A Patrizi non interessa l'illusione suscitata dalla pittura; l'artista procede per ampie e imprecise
campiture che lasciano affiorare il fondo o addirittura il supporto, sia che si tratti di cartone, tavola
o tela. In questo, chiara è la comprensione del processo che da Cézanne, con l'iscrizione delle forme
naturali all'interno di solidi geometrici, a Picasso, quindi al Cubismo, conduce fino all'astrattismo.
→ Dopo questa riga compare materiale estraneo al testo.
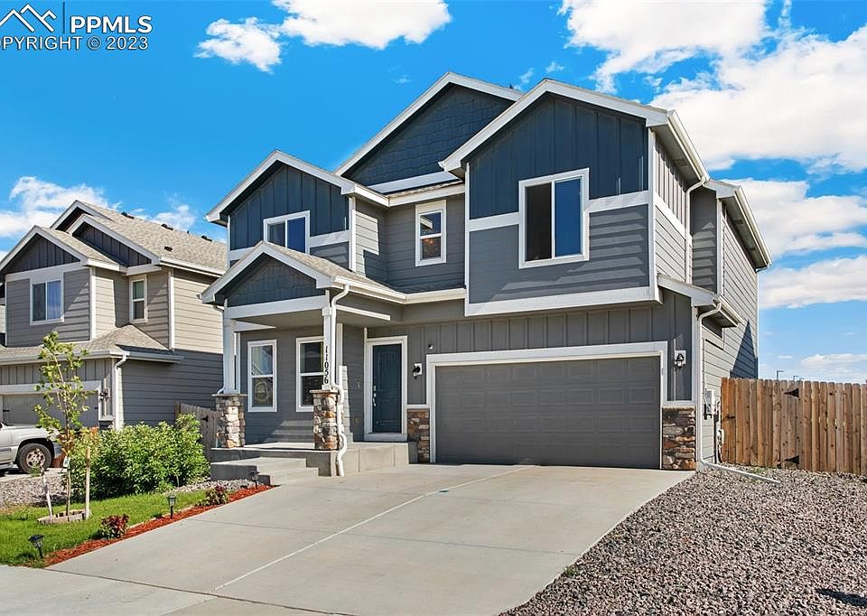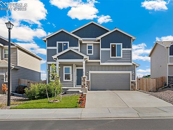 Why wait to build when you can buy this turnkey, Saint Aubyn Evans layout in Lorson Ranch, featuring 4 bedrooms on the second level, an additional bedroom in the basement and an enviable location, within walking distance to Grand Mountain School?! This home has it all, and then some! As you enter the home, your eyes will be drawn to the functional and open layout, beginning with an office/bonus room located to the side with a 1/2 bathroom conveniently tucked off of the room. Continue into the large living room that opens to the dining room and open concept kitchen. The gorgeous kitchen features stainless steel appliances, a pantry, and a large kitchen island. The dining room walks out to the large backyard that has been perfectly manicured. Imagine summer BBQs in your new, private backyard oasis! Upstairs, you will find 4 bedrooms, including a large Master Suite. The Master Suite adjoins with a 5-piece master bathroom, featuring beautiful ceramic tile, a double vanity, separate tub, separate shower, and large walk-in closet. Three additional large bedrooms, an oversized laundry room, and a 2nd full bathroom finish out the upper level. Continue down to the finished basement, that is complete with a bedroom, a full bathroom, a secondary living room, and a large storage room. Close to Mesa Ridge shopping/dining amenities, Peterson SFB, Schriever SFB, and Fort Carson. Easy access to Powers Blvd. Solar panels will be paid off at closing with a strong offer, which lowers your utility bills. Don't wait- this one won't last!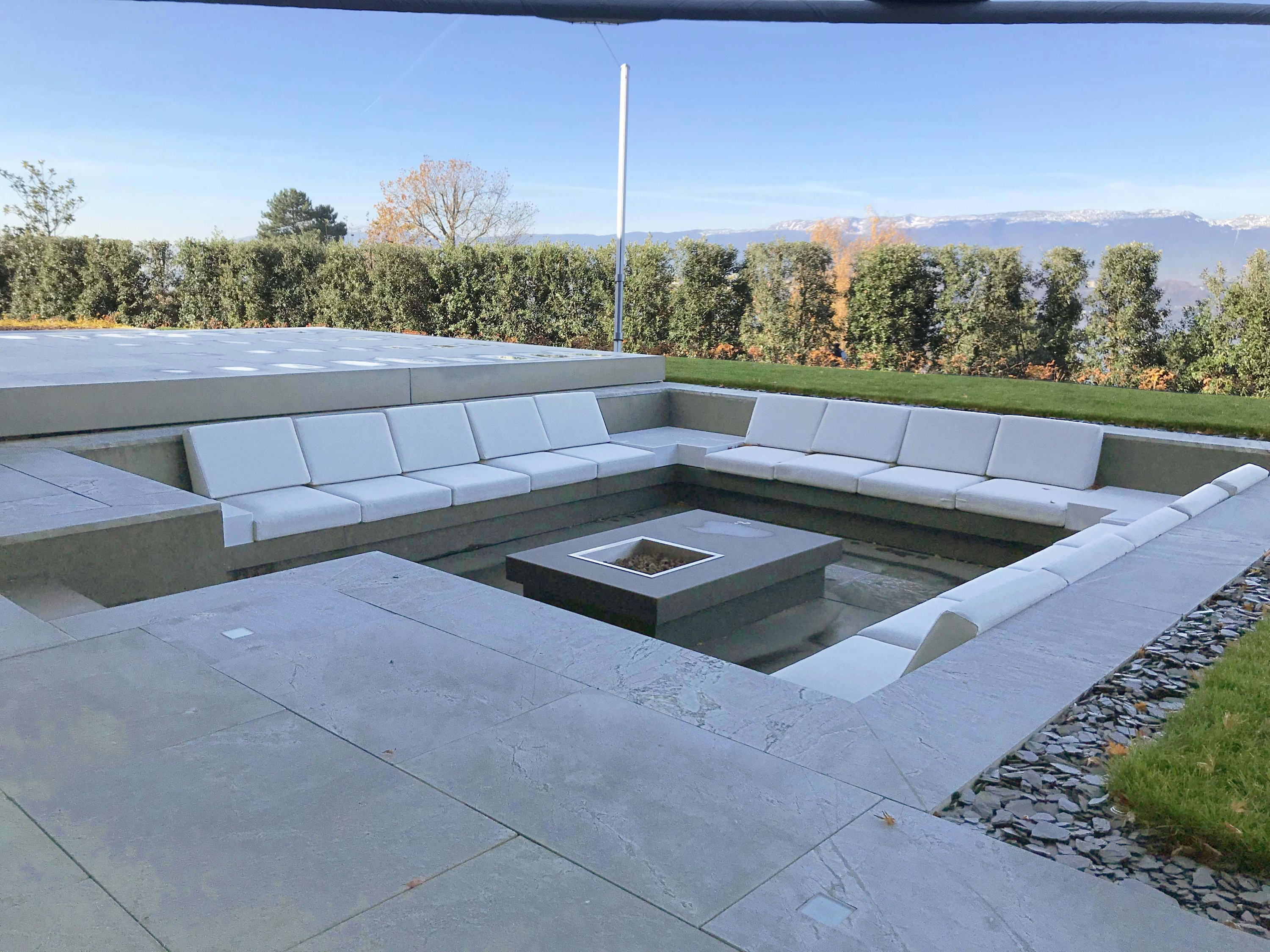 La pente devient la force de ce projet grâce à un jeu de terrasses, au dégagement et au cadrage de vues. On y trouve un salon d'extérieur encastré avec puits de feu à gaz, une terrasse en bois cachant le spa extérieur. Nous avons également réalisé la plantation d'arbres de plus de 8 mètres, de bonsaïs géants, d'un mur d'eau en pierre polie-miroir, de mur végétalisé et de terrasse de piscine à fond amovible.

In Patrizi la figura viene scomposta attraverso un'operazione di semplificazione che procede per
piani di colore. Un procedimento analogo a quello attuato da Frantisek Kupka nel suo Planes by
Colors, Large Nude, meglio conosciuto come Grande Nudo, dove la spazialità viene ottenuta per
gradazioni cromatiche. Allo stesso modo Patrizi comunica la profondità facendo ricorso a forme
geometriche che vanno a coincidere con le diverse campiture tonali e spesso, direttamente, con le
singole pennellate. Questo risulta ben leggibile nella resa delle figure, in opere come Studio per la
Madonna di Borgo Massano, Finestra di Montelabbate - Farneto, Sequenze, ma non è meno
presente nel paesaggio anche se l'effetto si perde nella coincidenza dei piani geometrici con i
differenti colori dei campi. Una riduzione all'essenza, con chiaroscuri netti, lumeggiature
improvvise, forme definite da pochi ed essenziali tocchi di pennello.
Una pittura, quella di Patrizi, che diventa espressione di un personale percorso interiore dove il
paesaggio si trasfigura per lasciare spazio a un emozionante tracciato cromatico.